Interestingly, GFL Excavating Corp., a branch of Canadian environmental services company Green For Life Environmental Inc. (GFL), has been one of the first excavation companies to provide one-stop-shop services to its clients.  The company operates its own fleet of trucks, which is used to haul away dirt from excavation sites.  Alongside the excavation services provided by GFL, the company also offers complete site remediation work.

Some of the large scale excavation and remediation projects GFL has undertaken in the Toronto area include: The Ritz Carlton Hotel and Tower, Brampton City Hall, The University Toronto at Scarborough Aquatic Centre, and the Athletes Village for Toronto’s 2015 Pan Am and Parapan Games.

In addition to providing end-to-end excavation services, GFL enforces and prioritizes safety on their work sites.

As a testament to the company’s commitment to work site safety, GFL Excavating Corp. became registered under the Certificate of Recognition program (COR™), an occupational health and safety accreditation program endorsed by members of the Canadian Federation of Construction Safety Associations (CFCSA).  A program that provides employers with systems to reduce incidents, accidents and injuries, COR™ is now often used as a pre-qualifying or condition of contract by both public and private project stakeholders in Canada.

“We are dedicated to ensuring that all safety protocols and precautions are followed at all the sites we work on,” Patrick Dovigi, GFL’s President and CEO, comments. “Our zero tolerance stance means we will not permit any unsafe conditions or behaviour.”

In order to ensure the safety of all GFL employees, the company has developed a zero tolerance program on all their work sites. The company’s measures to promote a culture of responsibility and safety include establishing an Internal Responsibility System (IRS), which ensures GFL employees integrate health and safety measures into all aspects of their work. GFL also strictly adheres to the province’s Occupational Health and Safety Act and is licensed with the Ministry of the Environment.

As part of the company-wide commitment to workplace health and safety, GFL has also incorporated a corporate Occupational Health and Safety program. “We are fully committed to employing highly qualified staff, implementing the latest available equipment, and keeping our workplace and the communities we serve clean and safe,” Patrick Dovigi adds.

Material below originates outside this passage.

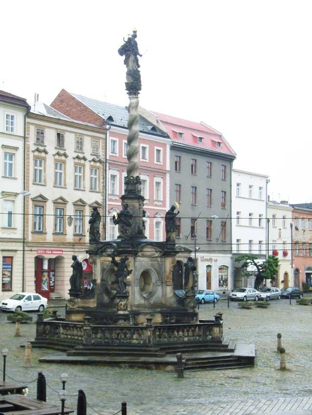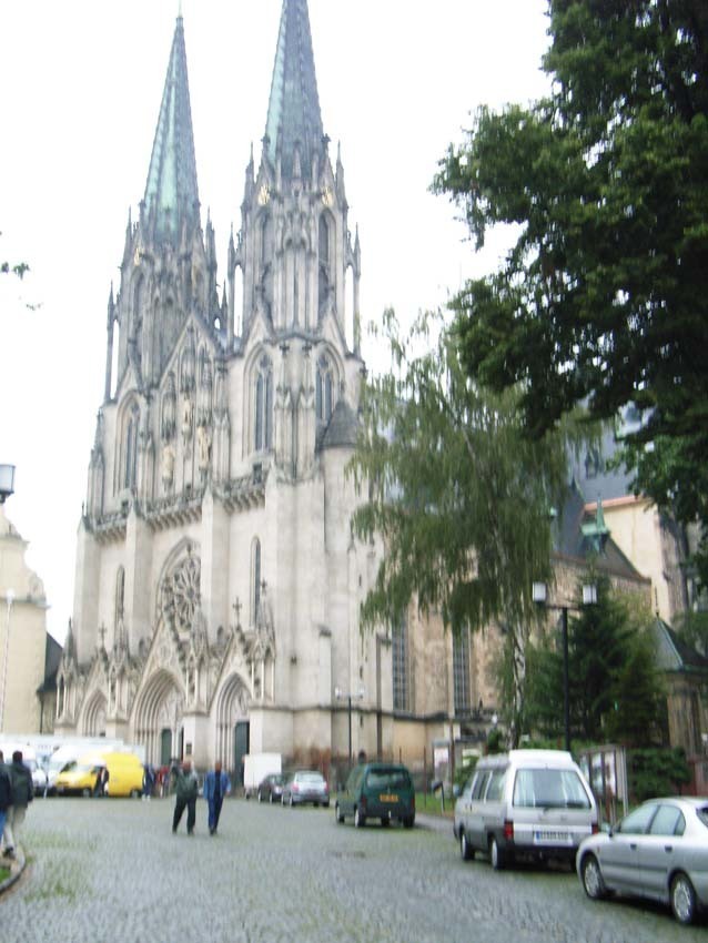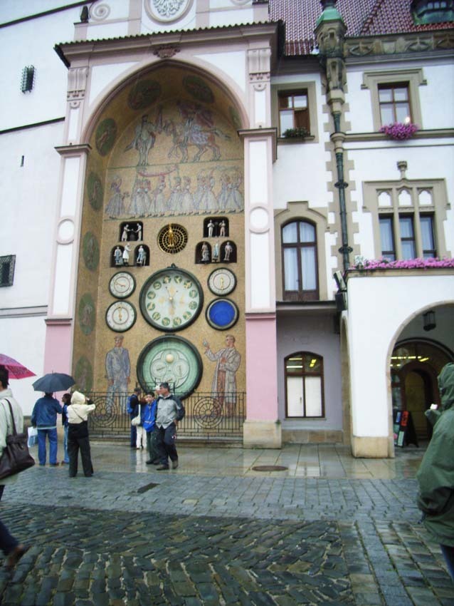 8月15日朝、ブルノ駅から列車で北東に向かい、約1時間半でオロモウツ駅に到着した。トラムに乗り西に進み、旧市街の中心であるホルニー広場を訪れた。立派な市庁舎の尖塔(写真4)には、4面に時計があるが、隣接して有名な仕掛け時計(写真5)がある。この広場には、世界遺産に登録されている聖三位一体の碑(写真6)や、ヘラクレスの噴水、カエサルの噴水など多くの見所がある。この広場のすぐ南東にドルニー広場があるが、ネプチューンの噴水やジュピターの噴水がある。ここから市街の北東部に進み共和国広場に来たが、ここでもトリトンの噴水があった。更に北東に進み2つの巨大な尖塔のある聖ヴァーツラフ教会(写真7)を訪れた。隣接するプジェミスル宮殿には覆いが掛かっており、改修中の様で残念であった。オロモウツ駅を15時40分に出発して、ブルノ駅には17時10分に到着した。
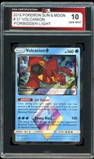 Volcanion ◇ is a Rare Prism Star Pokémon card from the Forbidden Light Pokémon TCG set, released 2018, illustrated by Naoki Saito. It sits at card number 31 in the Forbidden Light checklist, classified as a Water-type Pokémon with 160 HP and the Basic, Prism Star subtypes.

GFL is not alone in their zero-tolerance stance.

In an effort to reduce workplace injury, the Ontario Ministry of Labour (MOL) conducts regular safety blitzes to make sure worksites and companies are in compliance with the province’s Safe At Work Ontario health and safety legislation. The Safe At Work Ontario strategy was introduced in 2004 to prevent injuries and illnesses that could arise from unsafe work practices and to ensure workplace parties are complying with health and safety legislation.

In 1992, recognizing the need for a country-wide worksite safety initiative, the Canadian Federal Government created Bill C-45 under the Occupational Health and Safety branch. The bill serves as a first step toward creating a national regulatory framework for excavation and construction work.

Since Bill C-45’s implementation, fewer worksite injuries have been seen across the country.  For individuals like Paul Villeneuve and others who have supported national safety initiatives, this is very welcome news.

More positive news: the future of excavation work also promises to offer more robust safety tools, made possible through advances in technology. Scientists and technology entrepreneurs are looking to incorporate 3D printing-modeling and high-powered deep earth imaging, technology that will provide excavation companies more complete knowledge during the pre-excavation phase.  This will be one more positive development in an industry that already views safety as a priority.